◆ Records for the exercise ◆
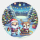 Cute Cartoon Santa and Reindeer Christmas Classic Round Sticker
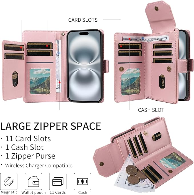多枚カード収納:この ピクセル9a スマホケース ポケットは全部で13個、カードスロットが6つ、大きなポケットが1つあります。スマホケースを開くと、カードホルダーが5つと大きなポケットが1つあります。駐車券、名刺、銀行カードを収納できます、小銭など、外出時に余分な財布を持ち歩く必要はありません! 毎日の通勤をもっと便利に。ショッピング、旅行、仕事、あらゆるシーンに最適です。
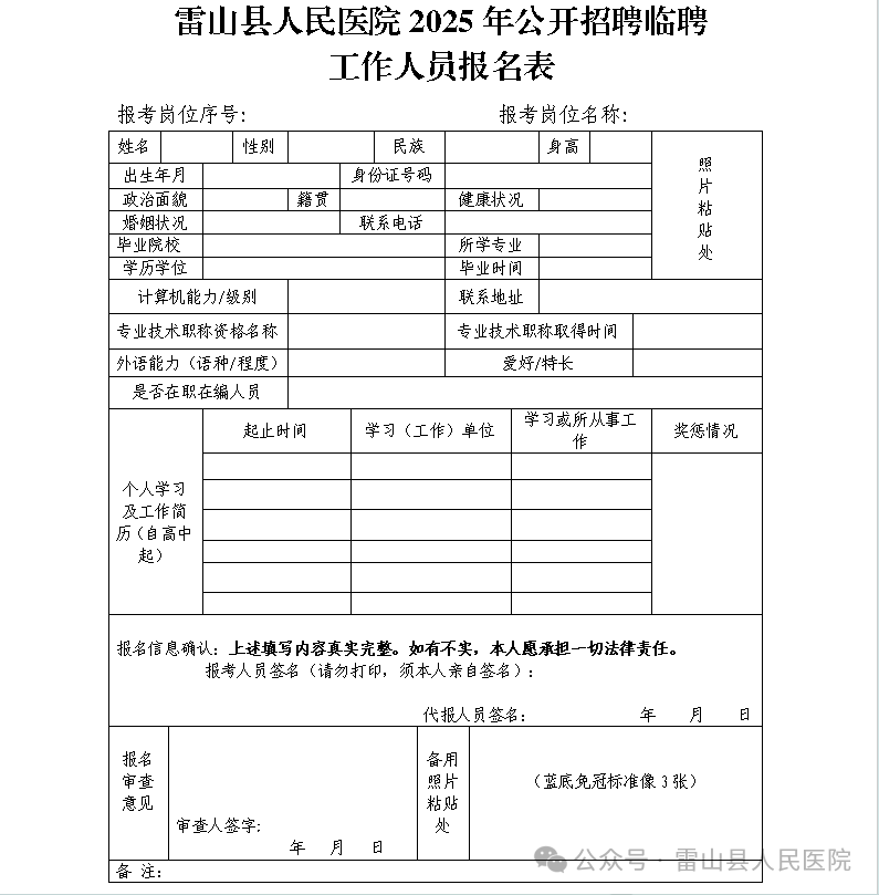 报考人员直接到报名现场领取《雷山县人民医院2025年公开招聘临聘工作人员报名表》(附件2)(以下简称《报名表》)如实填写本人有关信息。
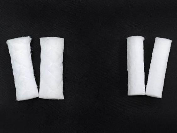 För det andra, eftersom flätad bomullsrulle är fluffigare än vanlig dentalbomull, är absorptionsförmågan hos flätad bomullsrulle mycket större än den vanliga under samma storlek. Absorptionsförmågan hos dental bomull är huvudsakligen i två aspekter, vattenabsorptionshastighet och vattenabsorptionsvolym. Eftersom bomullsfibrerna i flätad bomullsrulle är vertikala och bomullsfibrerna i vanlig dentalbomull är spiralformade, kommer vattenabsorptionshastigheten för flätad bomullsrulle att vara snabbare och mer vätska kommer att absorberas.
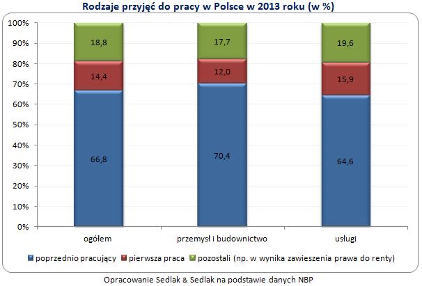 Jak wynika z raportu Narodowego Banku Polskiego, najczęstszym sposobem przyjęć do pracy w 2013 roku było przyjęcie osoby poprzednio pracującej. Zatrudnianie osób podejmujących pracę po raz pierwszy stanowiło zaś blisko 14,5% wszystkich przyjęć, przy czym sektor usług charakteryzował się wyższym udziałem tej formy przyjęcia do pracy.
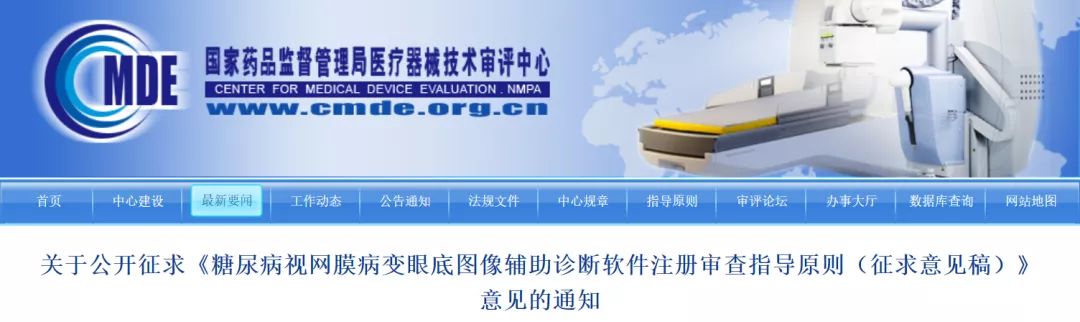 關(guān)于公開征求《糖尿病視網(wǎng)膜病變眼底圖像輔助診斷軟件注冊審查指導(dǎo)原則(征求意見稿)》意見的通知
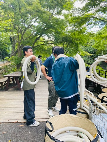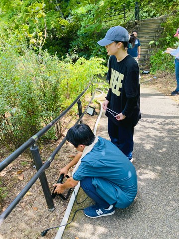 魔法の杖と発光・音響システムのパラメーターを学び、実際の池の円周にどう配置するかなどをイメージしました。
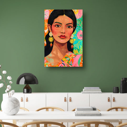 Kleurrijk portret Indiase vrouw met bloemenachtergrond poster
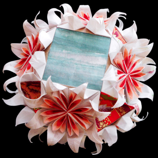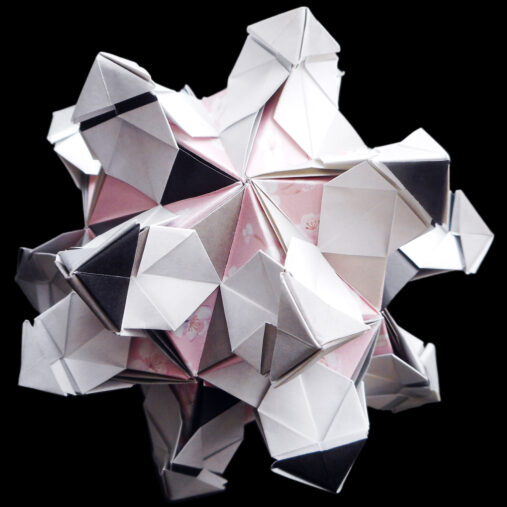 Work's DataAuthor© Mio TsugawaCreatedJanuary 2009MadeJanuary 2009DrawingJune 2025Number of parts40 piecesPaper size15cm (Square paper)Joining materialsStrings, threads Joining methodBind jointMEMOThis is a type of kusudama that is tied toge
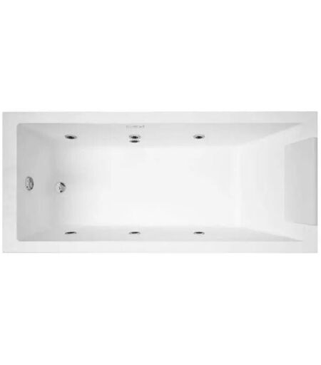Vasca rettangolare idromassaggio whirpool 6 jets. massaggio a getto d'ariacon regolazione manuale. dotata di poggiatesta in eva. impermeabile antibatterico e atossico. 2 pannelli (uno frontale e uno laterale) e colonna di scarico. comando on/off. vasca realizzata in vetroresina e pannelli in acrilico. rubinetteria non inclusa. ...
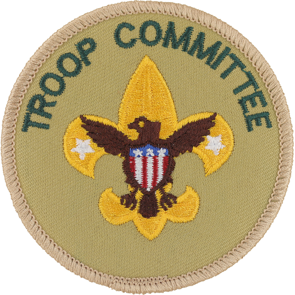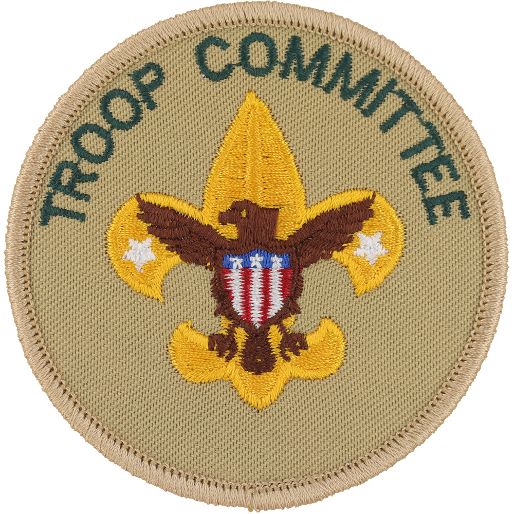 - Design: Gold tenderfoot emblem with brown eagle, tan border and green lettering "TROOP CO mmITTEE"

...

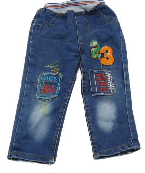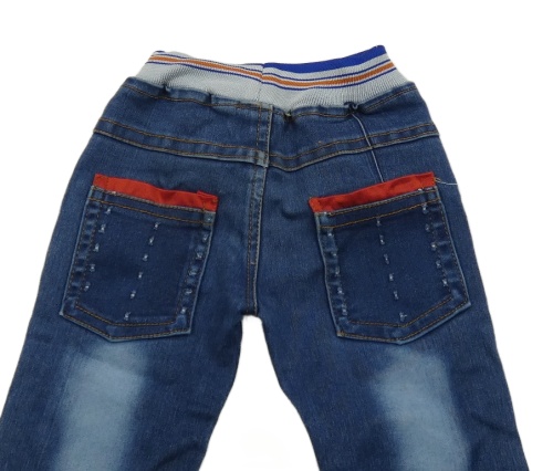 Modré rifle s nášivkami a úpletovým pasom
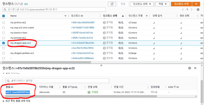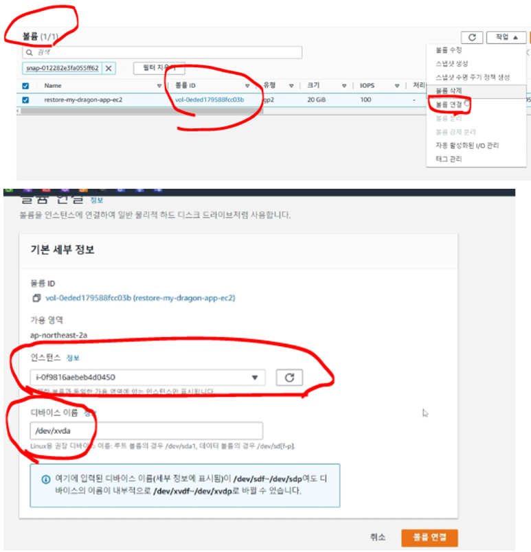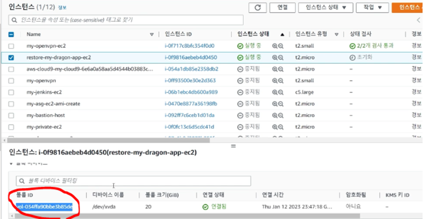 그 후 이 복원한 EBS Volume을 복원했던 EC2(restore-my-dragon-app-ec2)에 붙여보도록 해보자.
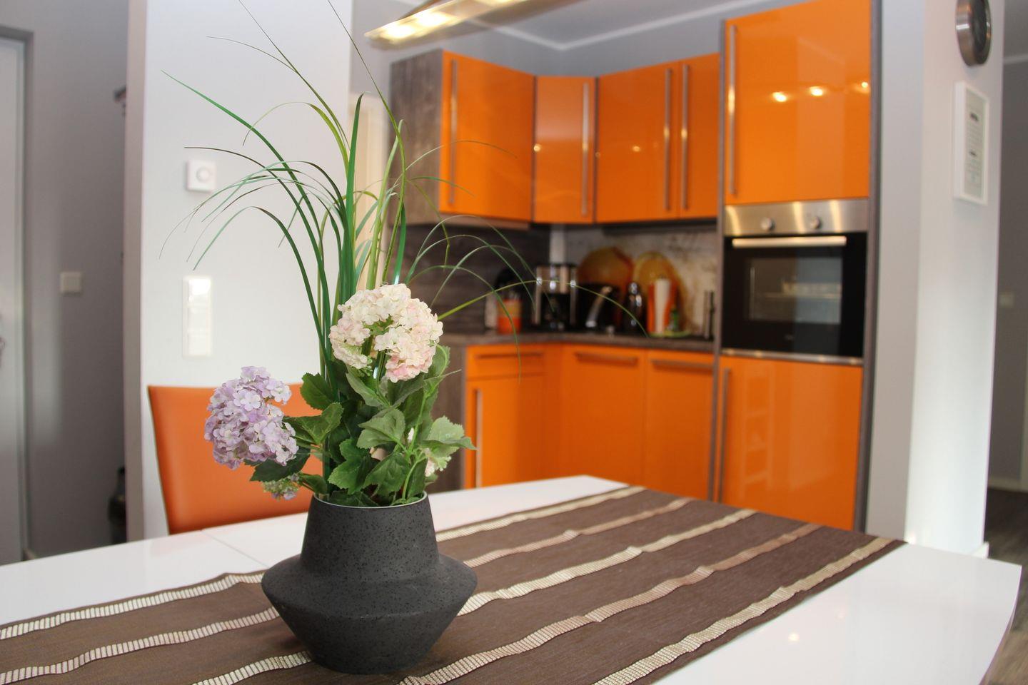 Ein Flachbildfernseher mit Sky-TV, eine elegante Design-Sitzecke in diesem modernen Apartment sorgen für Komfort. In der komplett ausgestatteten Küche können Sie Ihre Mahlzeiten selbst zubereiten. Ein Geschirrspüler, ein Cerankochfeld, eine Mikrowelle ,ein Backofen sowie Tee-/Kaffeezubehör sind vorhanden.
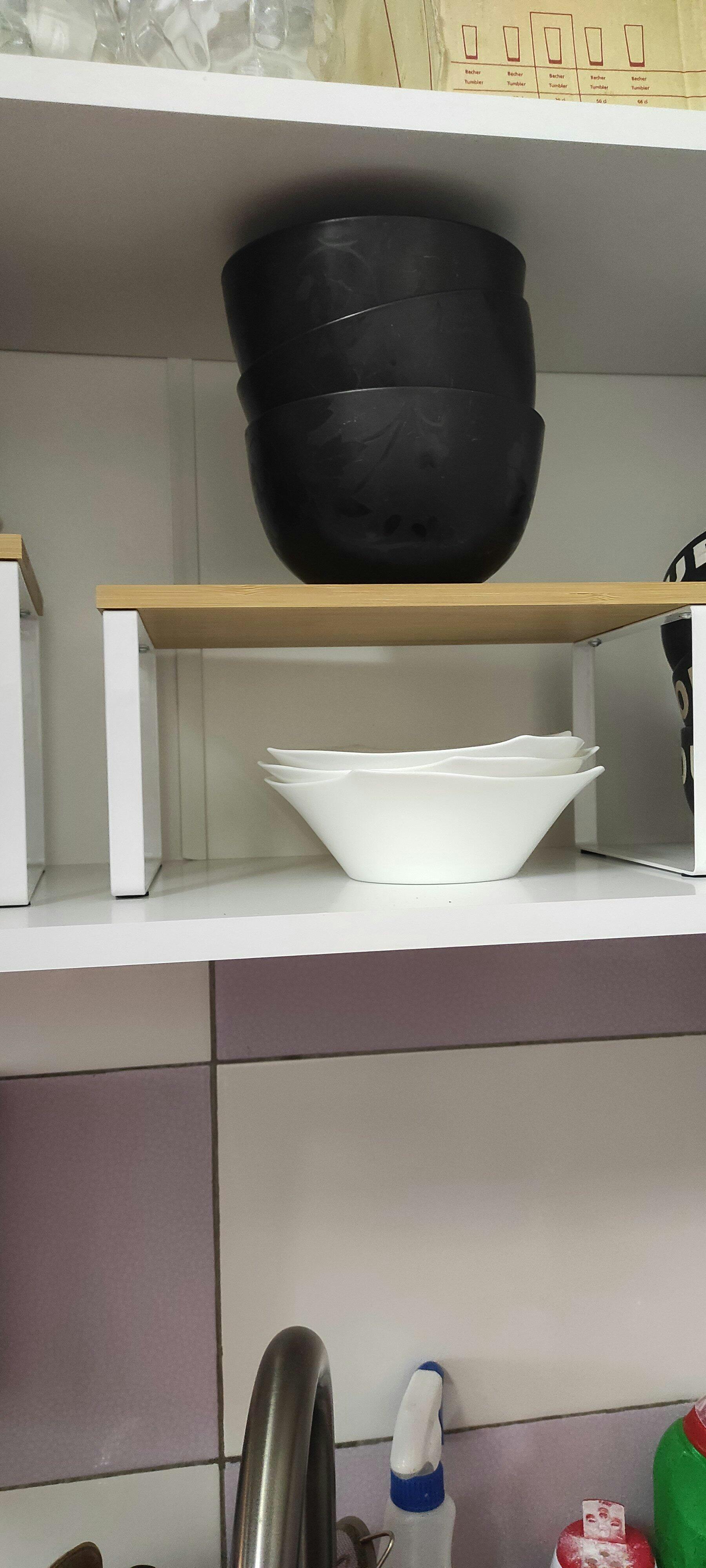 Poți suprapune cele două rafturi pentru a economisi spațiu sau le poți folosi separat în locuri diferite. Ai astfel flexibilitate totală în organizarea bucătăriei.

◆ What the task requires ◆
Copy only the lines above from the one containing "Cute Cartoon Santa" through the one containing "报考人员直接到报名现场领取《", both included. Leave out the pictures.

◆ Solution for this exercise ◆
 Cute Cartoon Santa and Reindeer Christmas Classic Round Sticker
多枚カード収納:この ピクセル9a スマホケース ポケットは全部で13個、カードスロットが6つ、大きなポケットが1つあります。スマホケースを開くと、カードホルダーが5つと大きなポケットが1つあります。駐車券、名刺、銀行カードを収納できます、小銭など、外出時に余分な財布を持ち歩く必要はありません! 毎日の通勤をもっと便利に。ショッピング、旅行、仕事、あらゆるシーンに最適です。
 报考人员直接到报名现场领取《雷山县人民医院2025年公开招聘临聘工作人员报名表》(附件2)(以下简称《报名表》)如实填写本人有关信息。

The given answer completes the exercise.